[Recorded information Boundary: Start]
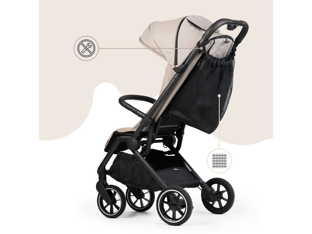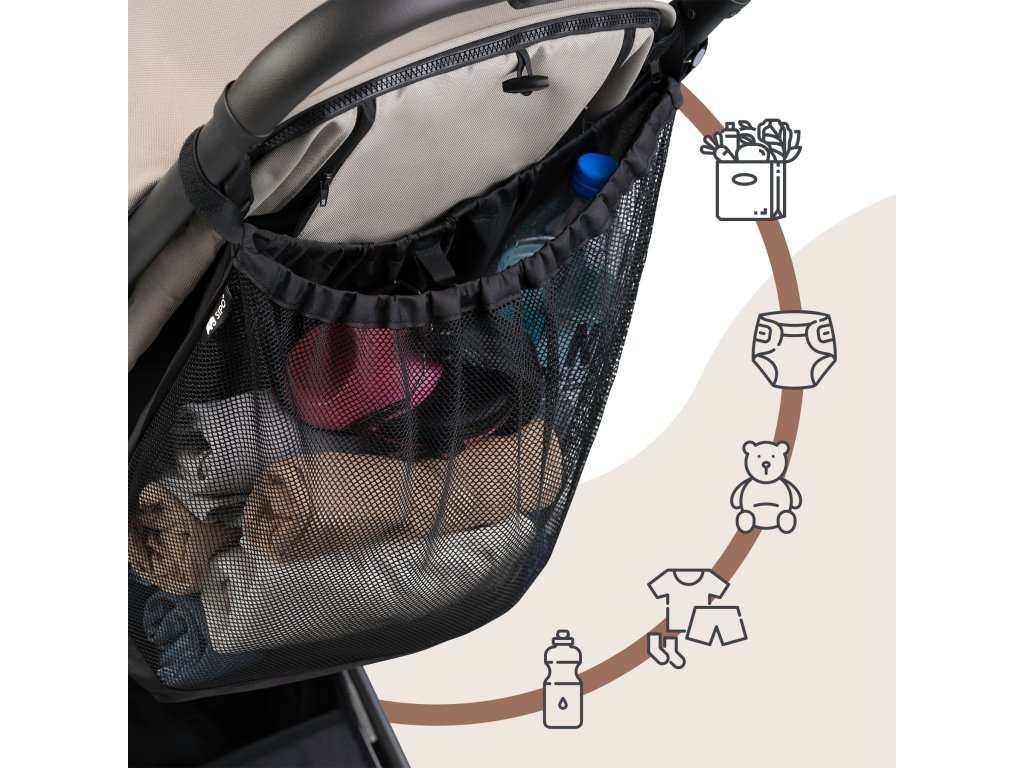 Sieťová taška je vybavená nastaviteľným systémom suchých zipsov pre rýchle a jednoduché pripevnenie k väčšine modelov kočíkov. Vysoko kvalitný materiál zaisťuje odolnosť proti každodennému používaniu, zatiaľ čo sieťovina umožňuje rýchly prehľad o obsahu. Horné zapínanie chráni predmety pred vypadnutím počas jazdy.
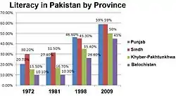In 1979, President Muhammad Zia-ul-Haq's policies announced "The National Education Policy, 1979" (NEP-79) which saw the harmonization of higher education in Pakistan with Islamic concepts and the national ideology.[9] President Zia's policies led to the fundamentalist ideas flaring in the higher education system in the country.[9] In 1992, Prime Minister Nawaz Sharif announced a "National Education Policy 1992" (NEP-92) to streamline the process of higher education.[9] This was followed by the Eighth Five-year Plans launched by Prime Minister Benazir Bhutto in 1993 which focused on primary education.[9]
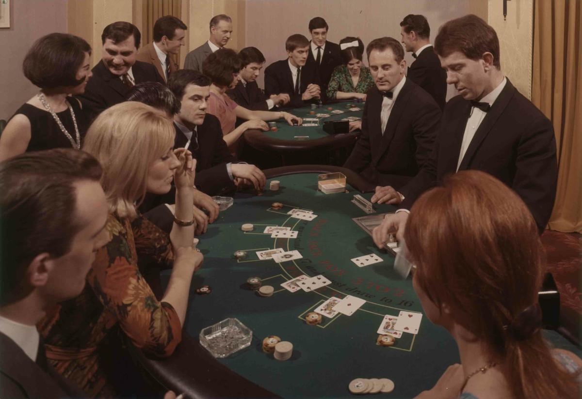 Passagerare och croupier vid Black Jack-bordet på ett av AB Svenska Lloyds passagerarfartyg.
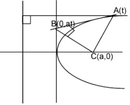 Find the coordinates of point on the parabola such that the area of triangle , (where C is focus and B is point of intersection of tangents at A and vertex) is maximum.
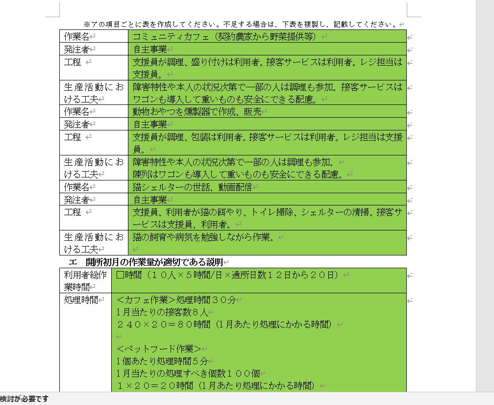 ※材料費の仕入の状況で事業内容が変更になる場合が有ります。
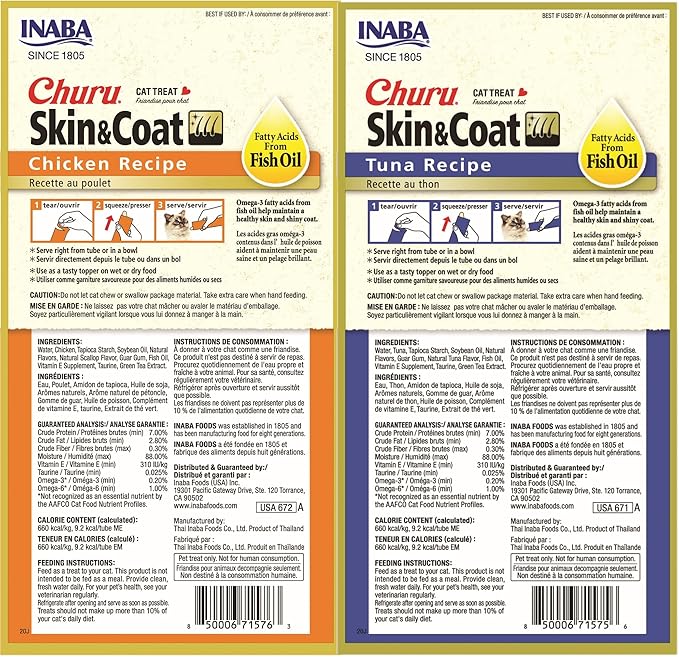 - FUN AND FUNCTIONAL: Like our original Inaba Churu Cat Treats, these tubes are a low-calorie treat that helps with hydration. But we've also packed them with Omega-3 fatty acids from fish oil to help maintain healthy skin and a shiny coat
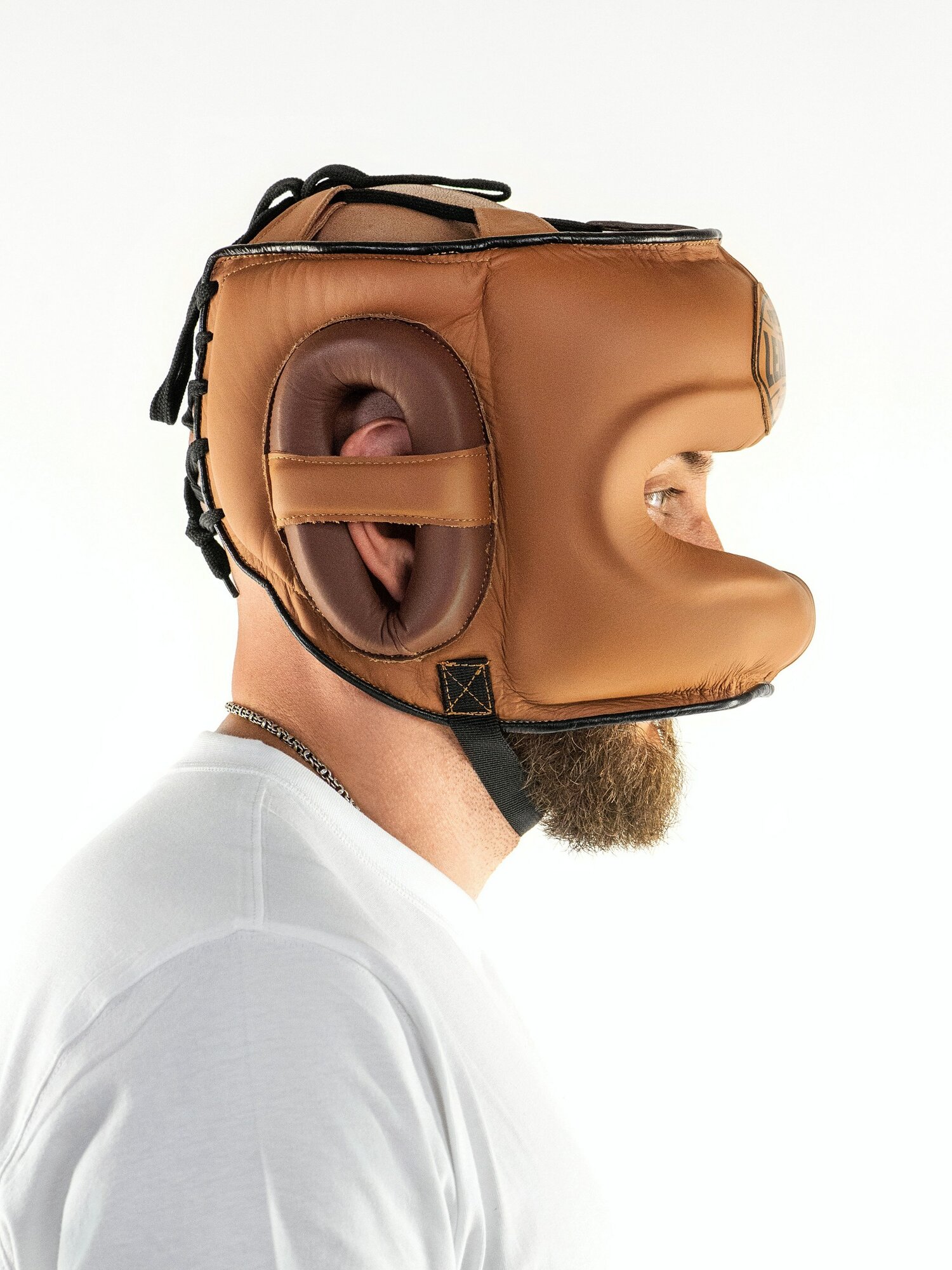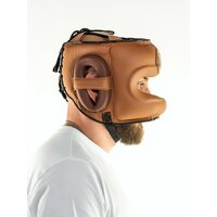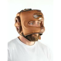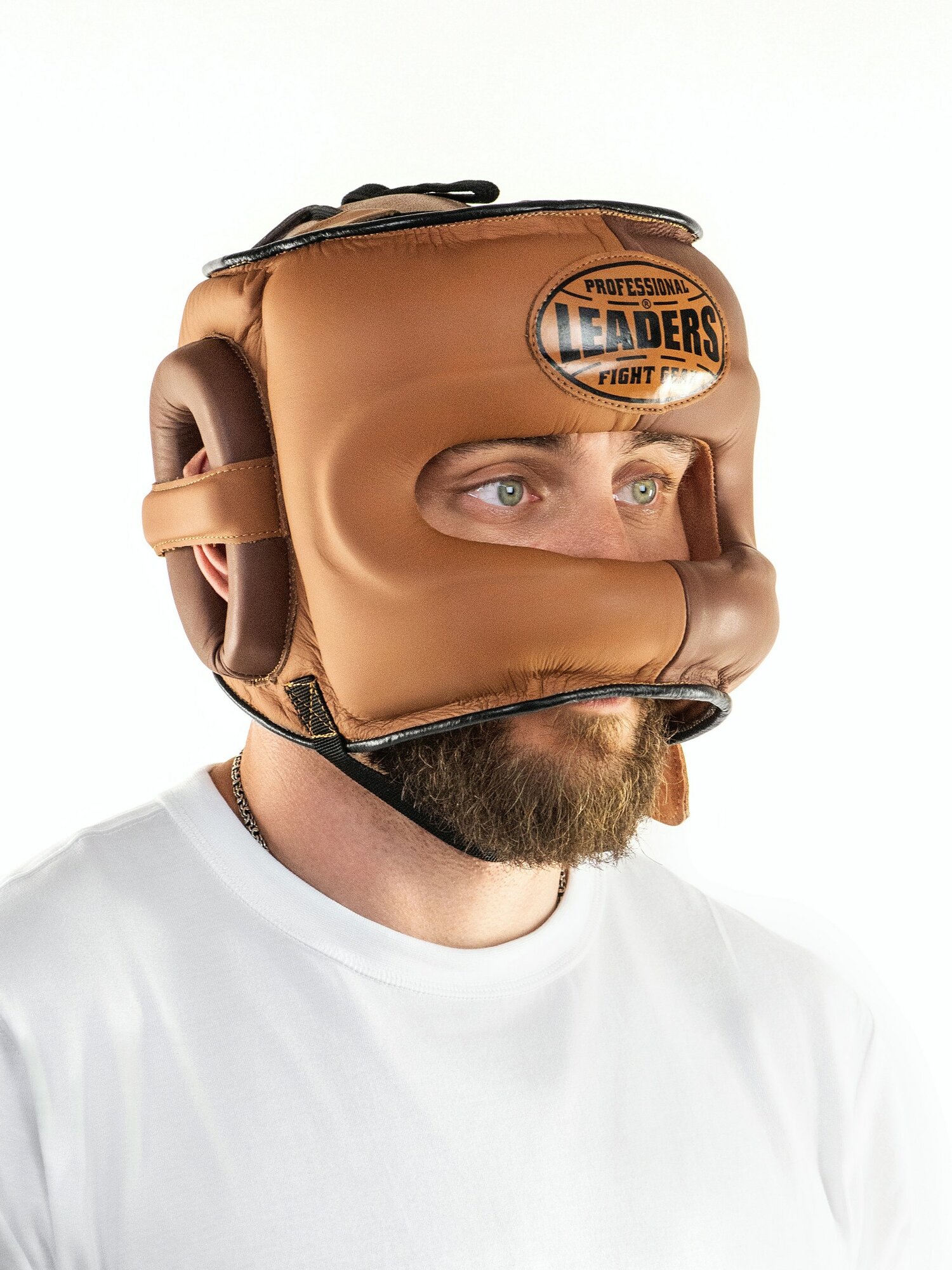 Шлем боксерский с бамперной защитой LEADERS премиальной линейки Heritage. Основная задача шлема с бамперной защитой это максимизация защиты головы, а главное, лица спортсмена, во время проведения спаррингов. Для выполнения этой задачи мы сделали металлическую рамку специальной, фирменной конфигурации для непревзойденной защиты. Рамка обеспечивает максимальную защиту, и высокий уровень обзорности. Специально подобранный, трехслойный пенный наполнитель, из материалов различной плотности, обеспечивает гашение и распределение энергии ударов, снижая нагрузку на голову спортсмена. В шлеме предусмотрена дополнительная защита ушных зон. Низкий вес шлема снижает утомляемость спортсмена даже в долгих подготовительных спарринг сессиях. Бамперный шлем традиционно выполнен из высококачественной 100% бархатной натуральной кожи премиальной выделки с внутренней отделкой из технологичной искусственной замши, что обеспечивает превосходный внешний вид, удобство и комфорт для бойца. Материал внутренней отделки способствует отведению тепла и влаги, а при намокании не теряет стабильной фиксации. Шлем имеет 3 типа регулировок. Сверху и в затылочной зоне регулировка на шнурке, для максимальной подгонки размера, на подбородке шлем фиксируется клипсой. Шлем с бампером идеально подходит для проведения высокоинтенсивных спаррингов профессиональных спортсменов, а также для недопущения травм лица спортсменами любого уровня. Может использоваться для защиты лица в периоды реабилитации после травм костей лица и носа. Ориентиры для подбора размера: S/M : 55 – 57 cm L/XL : 58 – 60 cm
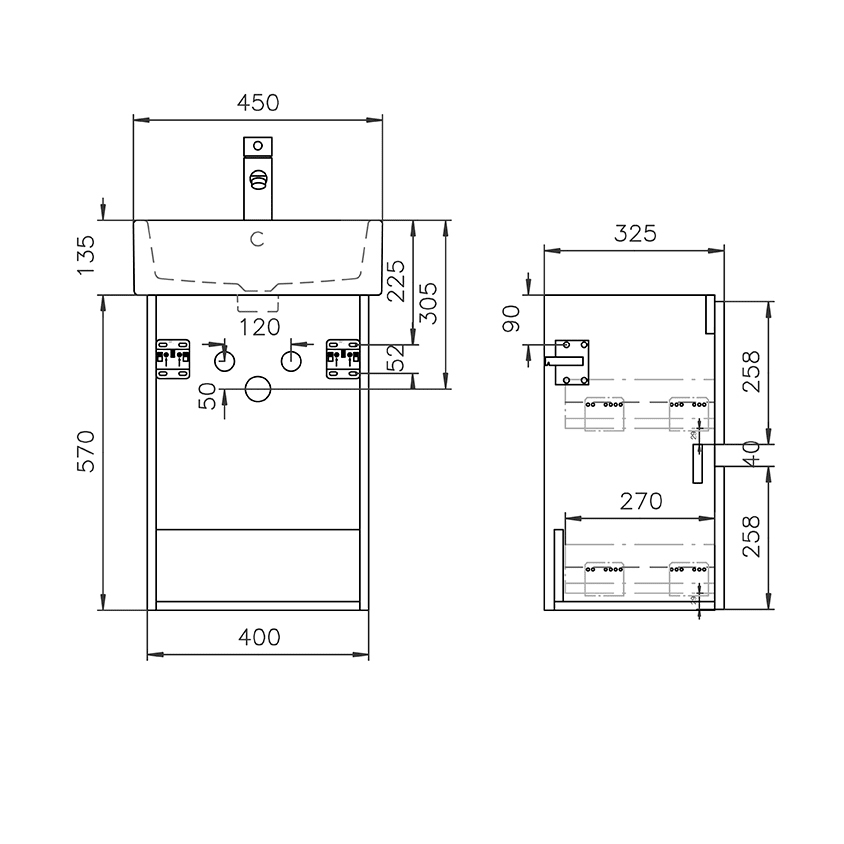 Lodge Waschtischunterschrank 40 cm mit 2 Auszügen für Waschtisch Duravit Vero Air
[Recorded information Boundary: End]
◆ What is needed ◆
Each line above from the one containing "In 1979, President" through the one containing "- FUN AND FUNCTIONAL: Like" is to be returned verbatim. Nothing else, and no pictures.

◆ Worked solution ◆
In 1979, President Muhammad Zia-ul-Haq's policies announced "The National Education Policy, 1979" (NEP-79) which saw the harmonization of higher education in Pakistan with Islamic concepts and the national ideology.[9] President Zia's policies led to the fundamentalist ideas flaring in the higher education system in the country.[9] In 1992, Prime Minister Nawaz Sharif announced a "National Education Policy 1992" (NEP-92) to streamline the process of higher education.[9] This was followed by the Eighth Five-year Plans launched by Prime Minister Benazir Bhutto in 1993 which focused on primary education.[9]
 Passagerare och croupier vid Black Jack-bordet på ett av AB Svenska Lloyds passagerarfartyg.
 Find the coordinates of point on the parabola such that the area of triangle , (where C is focus and B is point of intersection of tangents at A and vertex) is maximum.
 ※材料費の仕入の状況で事業内容が変更になる場合が有ります。
 - FUN AND FUNCTIONAL: Like our original Inaba Churu Cat Treats, these tubes are a low-calorie treat that helps with hydration. But we've also packed them with Omega-3 fatty acids from fish oil to help maintain healthy skin and a shiny coat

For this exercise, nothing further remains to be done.